Люкс «Отрыжка»

Люкс «Отрыжка»
	Логотип PortSwigger, компании-разработчика Burp Suite
Разработчик(и)	ПортСвиггер
Написано в	Ява
Тип	Тестирование безопасности
Веб-сайт	Портсвиггер .сеть /отрыжка

Burp Suite — это собственный программный инструмент для оценки безопасности и тестирования веб-приложений на проникновение. ^[1]^[2] Это программное обеспечение было первоначально разработано в 2003–2006 годах Дафидом Статтардом. ^[3] автоматизировать свои собственные потребности в тестировании безопасности после осознания возможностей автоматизированных веб-инструментов, таких как Selenium . ^[4] Стуттард создал компанию PortSwigger, чтобы возглавить разработку Burp Suite. Доступны общественная, профессиональная и корпоративная версии этого продукта.

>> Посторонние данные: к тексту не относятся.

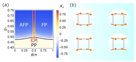 图1(a)N=4的磁性模型量子相图:铁磁相(FP),反铁磁相(AFP),手性磁性相(CP),以及顺磁相(pp);(b)手性磁性相中,4格点平面内的自旋结构,类似磁性斯格明子。
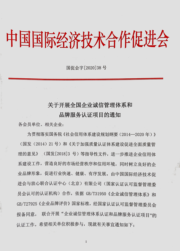 关于开展全国企业诚信管理体系和品牌服务认证项目的通知
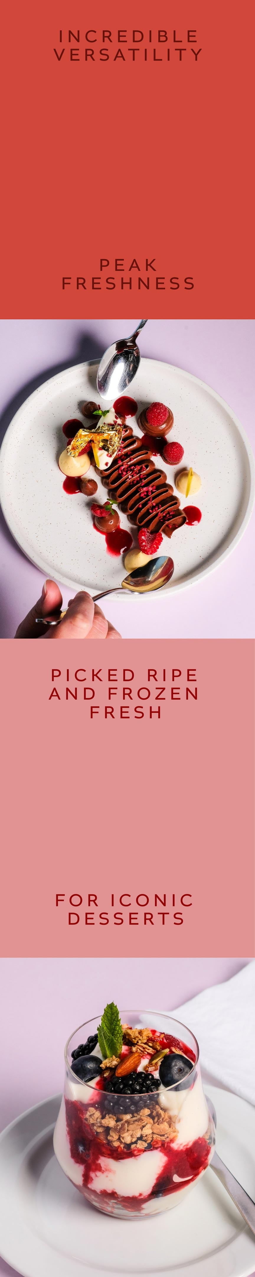 Visually, the brand took cues from health food, contemporary grocery, premium produce and luxury food packaging. The goal was to elevate frozen ingredients without pretending they were something else. Tight, textural food photography became a major part of the system. Mango pulp, berries, vegetables and herbs were treated with detail and drama. Cropped close, rich in texture, full of colour. A reminder that frozen can still be beautiful. Colour became the core brand language. Each product was assigned its own considered palette, drawn directly from the ingredient itself. A light, mid and dark tone created a flexible colour system that could carry across packaging, website, marketing and campaign assets. The result is a full spectrum of food, organised with precision but still bursting with life. It gives every product its own personality while keeping the range connected.

В число примечательных возможностей этого пакета входят функции прокси-сканирования веб-страниц (Burp Proxy), ^[5] регистрировать HTTP-запросы/ответы (Burp Logger и HTTP History), захватывать/перехватывать HTTP-запросы в движении (Burp Intercept), ^[6] и сводные отчеты, указывающие на слабые места (Burp Scanner). ^[7] Это программное обеспечение использует встроенную базу данных, содержащую известные небезопасные синтаксические шаблоны и ключевые слова для поиска в захваченных HTTP-запросах/ответах. ^[8]

Burp Suite обладает несколькими функциями проникновения. Некоторые встроенные службы PoC включают в себя тесты на понижение версии HTTP, ^[9] взаимодействие с внешними песочницами, размещенными на инструментальных серверах (Burp Collaborator), ^[10] и анализ силы псевдорандомизации (Burp Sequencer). ^[11] Этот инструмент позволяет интегрировать определяемые пользователем функции посредством загрузки плагинов с открытым исходным кодом (таких как сканер десериализации Java). ^[12] и авторизовать ^[13]).

Функции

В качестве анализатора веб-безопасности Burp Suite предлагает несколько встроенных функций, предназначенных для помощи тестировщикам в аудите своих веб-приложений.

Общественная версия

Версия Burp Suite Community Edition включает в себя следующие функции. ^[14]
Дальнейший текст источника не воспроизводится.